I was only there EVERY Saturday and she would act as if she had never seen me before in her life.

“Maybe she's one of your old high school girlfriends,” my older and less attractive brother suggested. “Assuming you had any.”

Believe me, if she had been one of my girlfriends she would have given me my food for free.

There was a separate To Go section at the restaurant's cashier’s station, and that's where I would stand, just under their "Order Here" sign. Why she would always assume I wanted a sit-down meal, I don't know.

“I'm ordering out,” I would politely tell her.

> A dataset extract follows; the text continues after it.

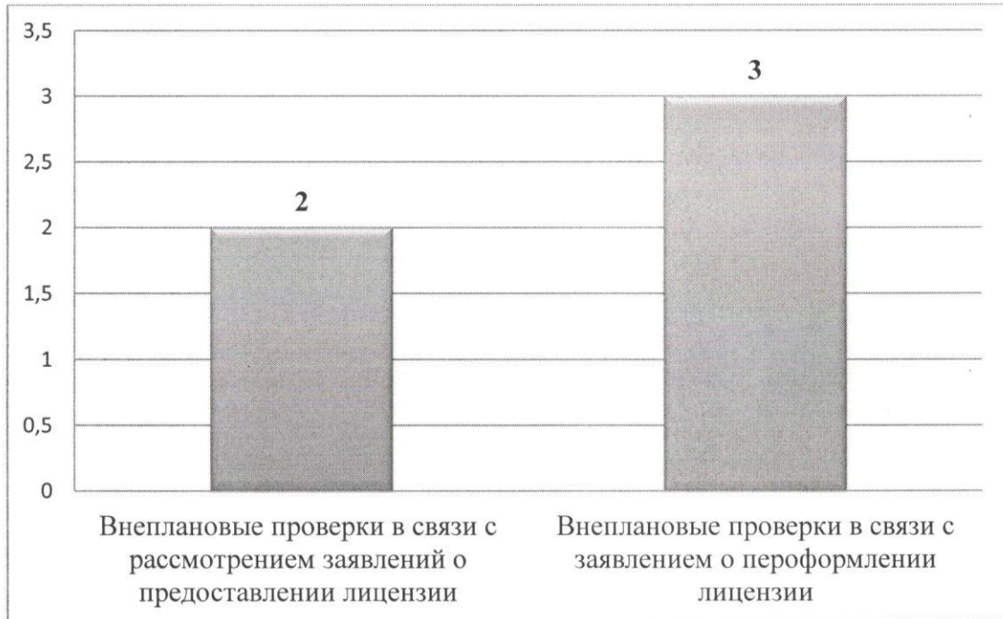
Рисунок 3. Количество внеплановых проверок по основаниям процедуры лицензирования.

(лицензиатом) при осуществлении образовательной деятельности, а также наличия необходимых для осуществления образовательной деятельности педагогических работников лицензионным требованиям осуществлены в отношении 4 юридических лиц и 1 индивидуального предпринимателя (проведено 5 внеплановых выездных проверок).

If there was a to-go order there ready to be picked up, she’d ask me, “is this yours?”

“No,” I would tell her.

“Are you sure?” she would respond.

Of course, I was sure.

You see, I never ever called in and only ordered the red cheese enchilada plate with extra onions EVERY time I went there. Remember how I just wrote “with extra onions”?

“Did you want onions with that?” she’d always want to know.

“Extra onions,” I'd repeat.

My mother didn’t care for their salad, so I’d also tell the lady, “No salad, please.”

 “No salad?” she’d say, like not wanting shredded lettuce with your meal was beyond her comprehension.

“That's right.”

“You don’t want any salad.”

“No salad.”

“It comes with salad.”

“Please, no salad.”

There were times I wanted to whine, “Don't you know who I am?” like an offended Hollywood celebrity, but I kept it to myself because the ladies were nice, the food was good, and I didn’t want them--mistaking the enchilada plate as mine--to do anything to my mother’s food.

Sometimes, after I gave her my order, she’d incorrectly clarify, “CHICKEN enchiladas?”

“No,” I’d correct her. “Cheese.”

Once, another waitress who was especially nice to my granddaughter when I took her, noticed the lady wrote down "chicken enchiladas" on her ordering pad. Knowing it was for me, she told her, “He wanted the cheese.”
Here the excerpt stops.